• **WHAT IS REQUIRED**: Copy out exactly, from the entries that follow, the line holding "一个有着金色卷发的小孩穿着白", the line holding "Спойлер кабины боковой", and all lines between them, but no pictures.

DATASET ENTRIES Start Marker

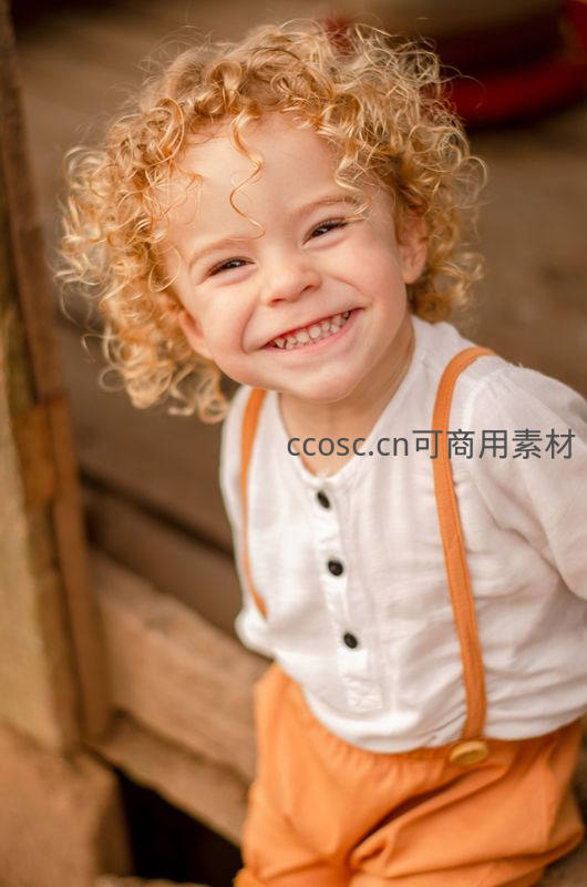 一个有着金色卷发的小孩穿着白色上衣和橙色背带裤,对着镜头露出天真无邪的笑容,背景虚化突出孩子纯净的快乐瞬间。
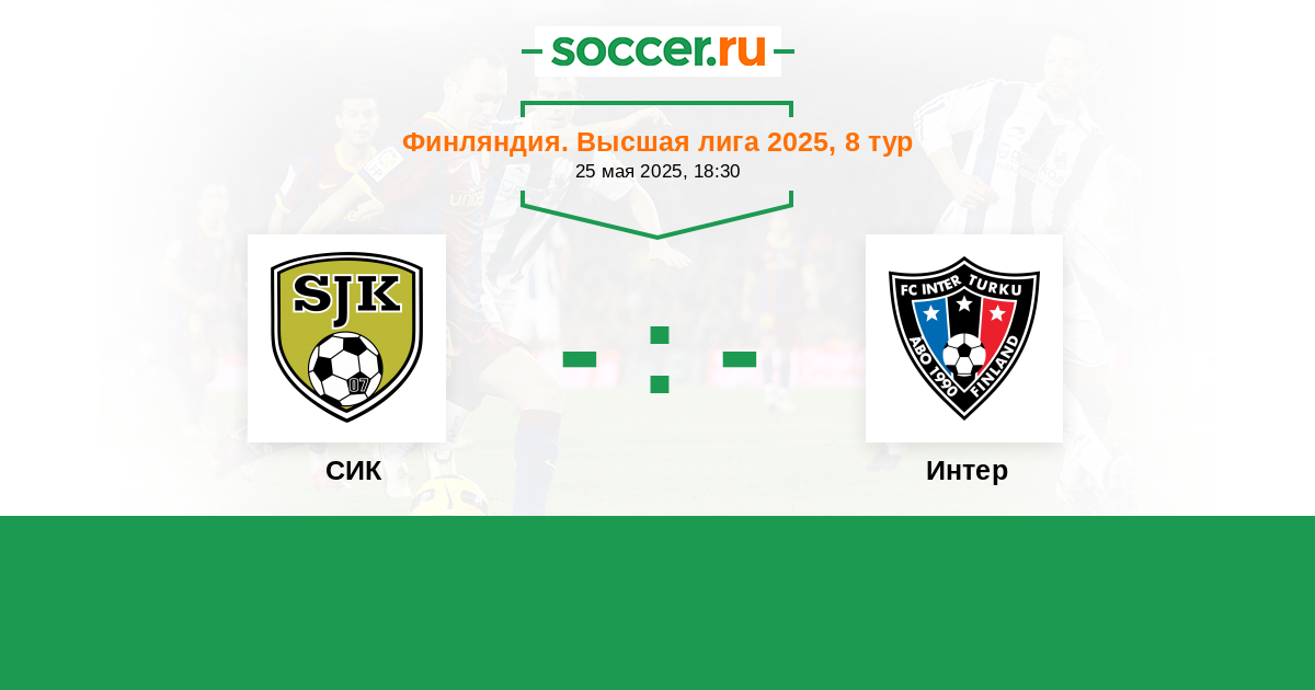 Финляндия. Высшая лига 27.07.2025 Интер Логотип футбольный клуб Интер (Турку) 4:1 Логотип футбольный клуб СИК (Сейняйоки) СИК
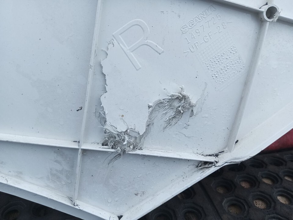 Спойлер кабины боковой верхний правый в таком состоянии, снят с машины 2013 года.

DATASET ENTRIES End Marker
DATASET ENTRIES Start Marker

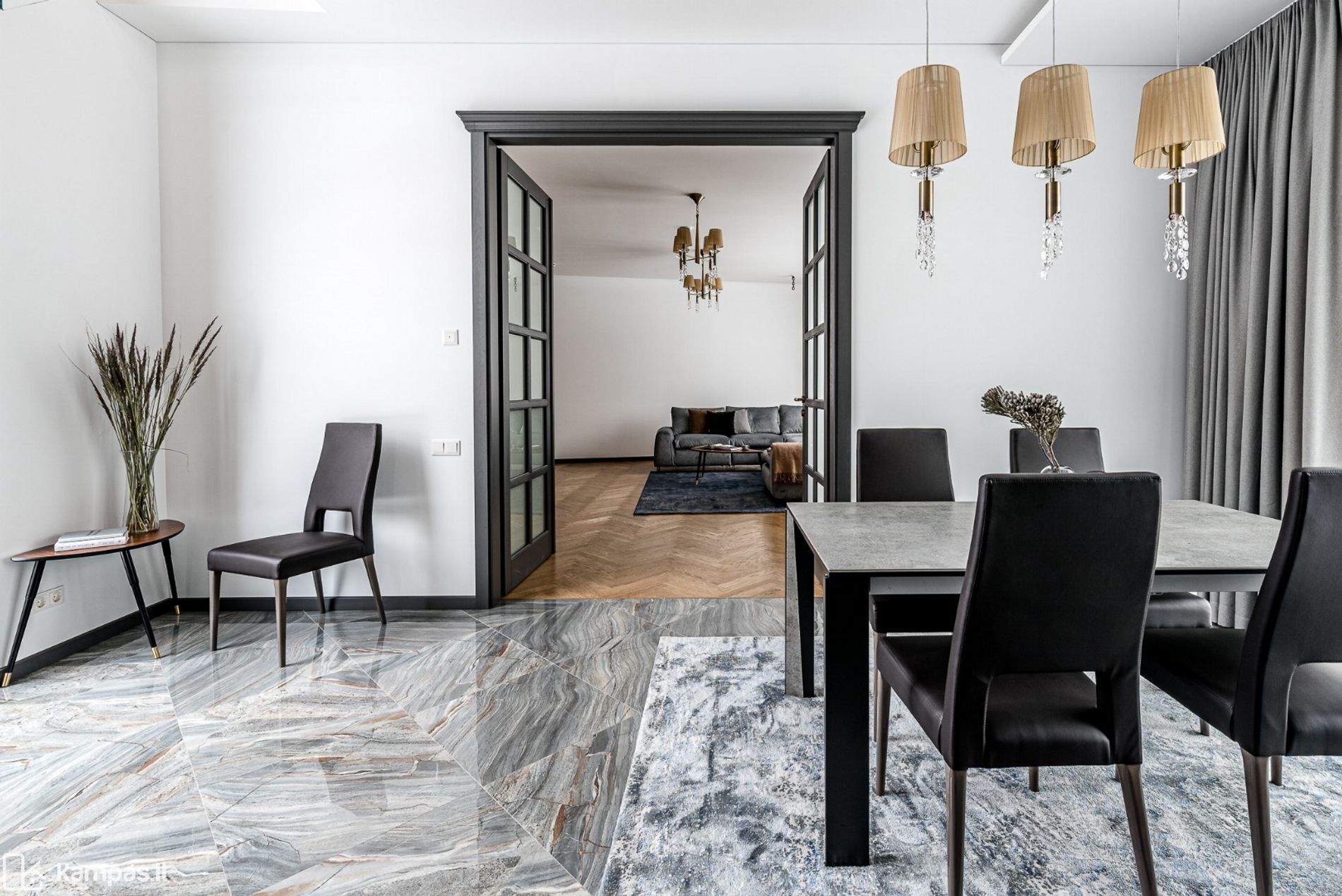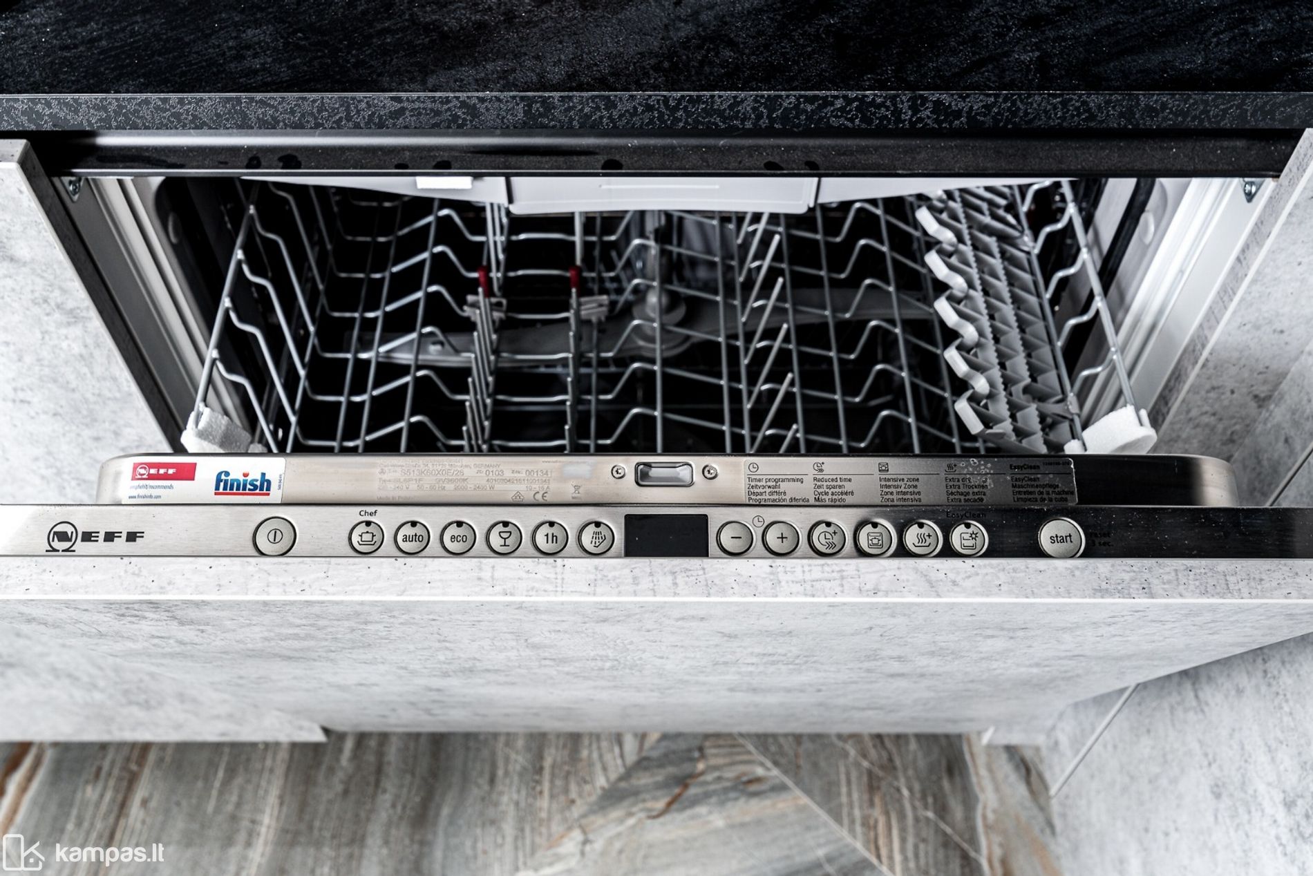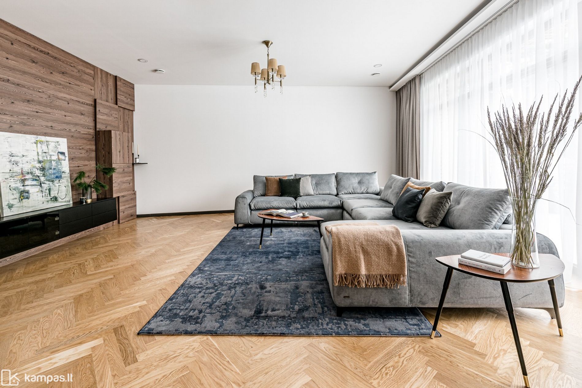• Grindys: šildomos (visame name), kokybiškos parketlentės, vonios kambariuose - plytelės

DATASET ENTRIES End Marker

• **FINISHED TASK**:
 一个有着金色卷发的小孩穿着白色上衣和橙色背带裤,对着镜头露出天真无邪的笑容,背景虚化突出孩子纯净的快乐瞬间。
 Финляндия. Высшая лига 27.07.2025 Интер Логотип футбольный клуб Интер (Турку) 4:1 Логотип футбольный клуб СИК (Сейняйоки) СИК
 Спойлер кабины боковой верхний правый в таком состоянии, снят с машины 2013 года.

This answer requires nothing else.